→ Problem statement:
Among the entries below, only the lines from the one with "エージェント・スタックでは、" through the one with "紅嘴鷗在新疆博斯騰湖棲息(3月18日攝)。" are to be retyped, exactly and without pictures.

→ Given data:

☆ ☆ ☆ ☆ ☆ ☆ ☆

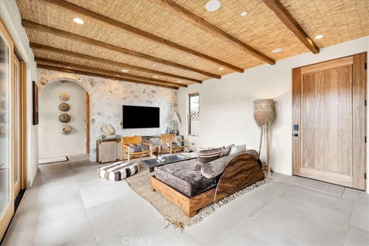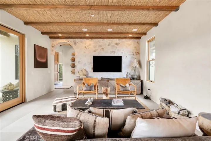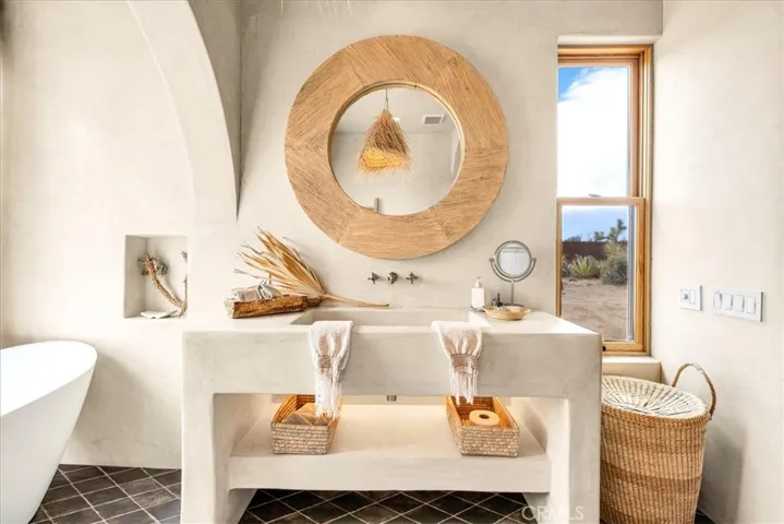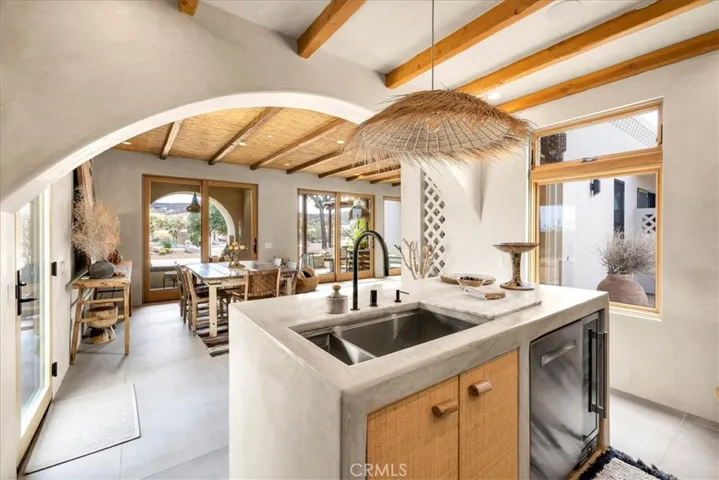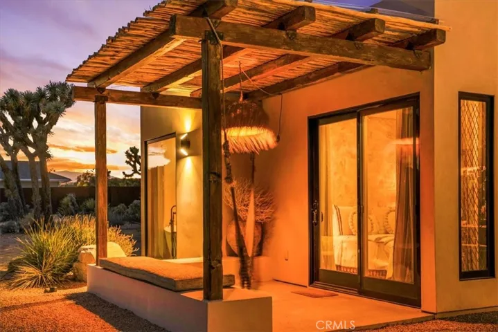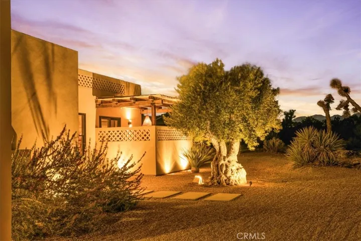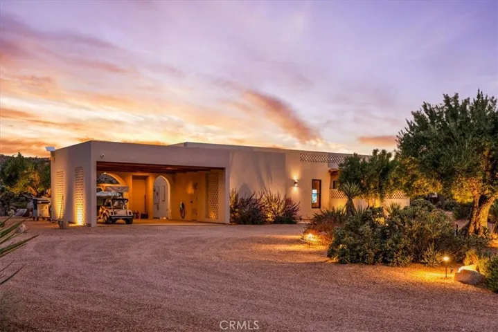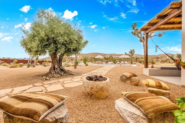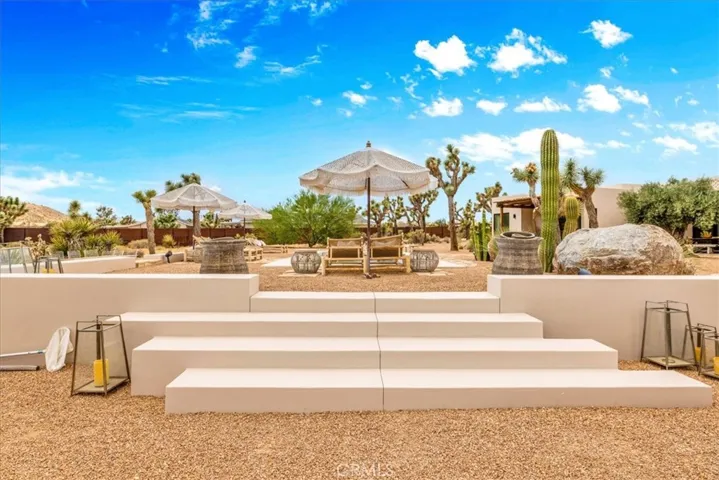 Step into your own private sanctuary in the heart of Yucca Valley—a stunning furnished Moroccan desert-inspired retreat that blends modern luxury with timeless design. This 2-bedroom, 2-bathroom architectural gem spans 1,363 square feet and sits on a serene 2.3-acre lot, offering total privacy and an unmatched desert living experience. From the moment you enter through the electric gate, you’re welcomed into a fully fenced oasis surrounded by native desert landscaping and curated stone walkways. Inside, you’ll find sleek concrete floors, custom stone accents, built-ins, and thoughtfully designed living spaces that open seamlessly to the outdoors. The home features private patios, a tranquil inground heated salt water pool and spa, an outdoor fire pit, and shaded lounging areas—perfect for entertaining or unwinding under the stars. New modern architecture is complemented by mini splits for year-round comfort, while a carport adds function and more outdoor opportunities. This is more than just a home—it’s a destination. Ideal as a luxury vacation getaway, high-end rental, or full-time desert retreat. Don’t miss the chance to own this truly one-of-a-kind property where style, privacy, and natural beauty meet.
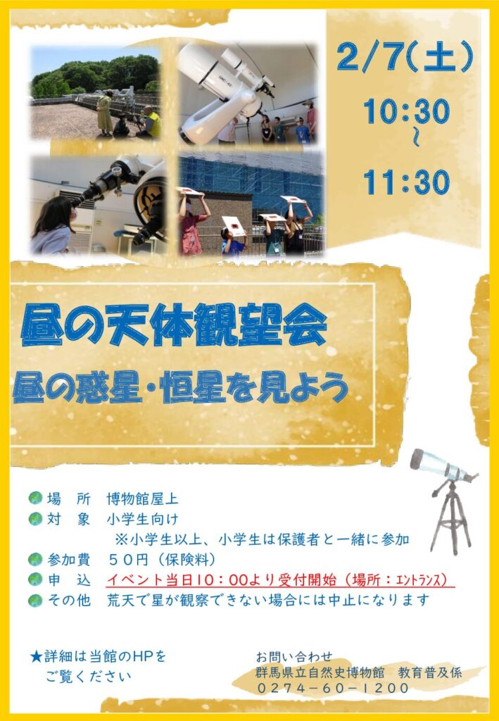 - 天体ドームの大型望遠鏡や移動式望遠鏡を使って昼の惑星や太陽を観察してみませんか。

☆ ☆ ☆ ☆ ☆ ☆ ☆

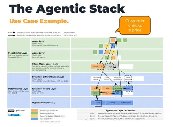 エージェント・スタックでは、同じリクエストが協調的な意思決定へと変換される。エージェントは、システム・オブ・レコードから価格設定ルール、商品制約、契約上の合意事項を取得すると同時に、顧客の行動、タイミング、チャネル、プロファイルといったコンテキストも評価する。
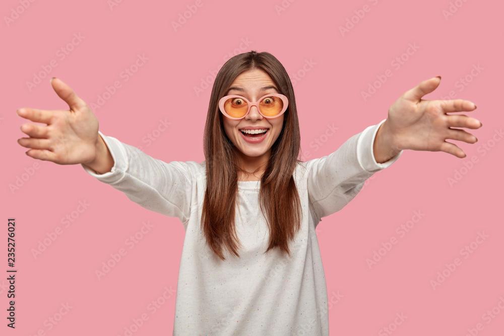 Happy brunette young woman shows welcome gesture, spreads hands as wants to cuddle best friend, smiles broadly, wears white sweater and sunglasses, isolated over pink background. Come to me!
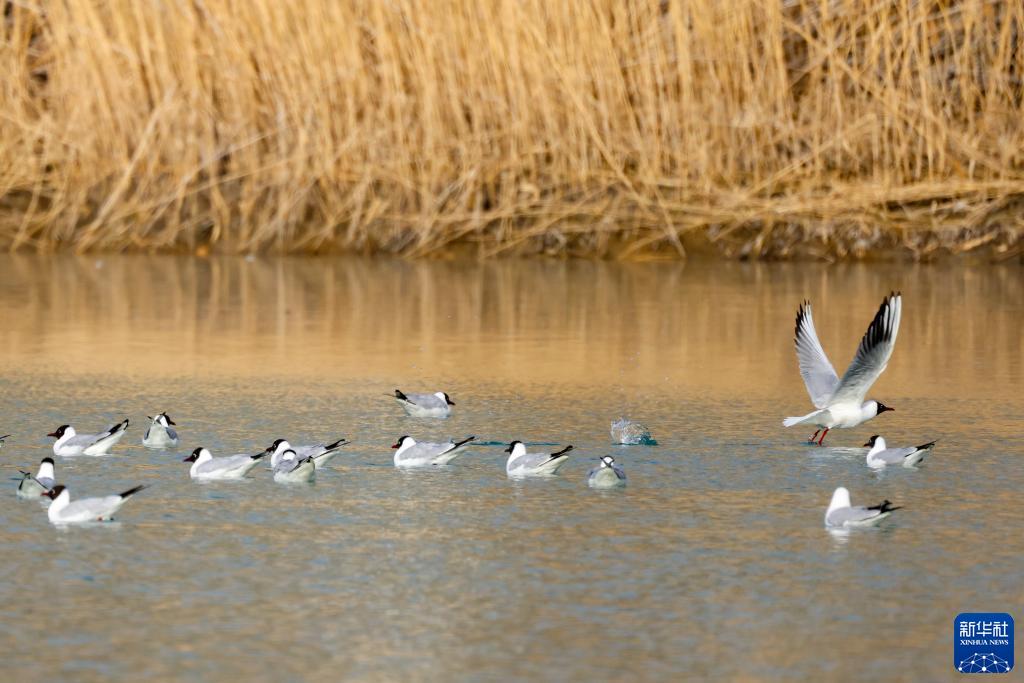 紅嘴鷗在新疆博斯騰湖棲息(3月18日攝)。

☆ ☆ ☆ ☆ ☆ ☆ ☆

→ Response:
 エージェント・スタックでは、同じリクエストが協調的な意思決定へと変換される。エージェントは、システム・オブ・レコードから価格設定ルール、商品制約、契約上の合意事項を取得すると同時に、顧客の行動、タイミング、チャネル、プロファイルといったコンテキストも評価する。
 Happy brunette young woman shows welcome gesture, spreads hands as wants to cuddle best friend, smiles broadly, wears white sweater and sunglasses, isolated over pink background. Come to me!
 紅嘴鷗在新疆博斯騰湖棲息(3月18日攝)。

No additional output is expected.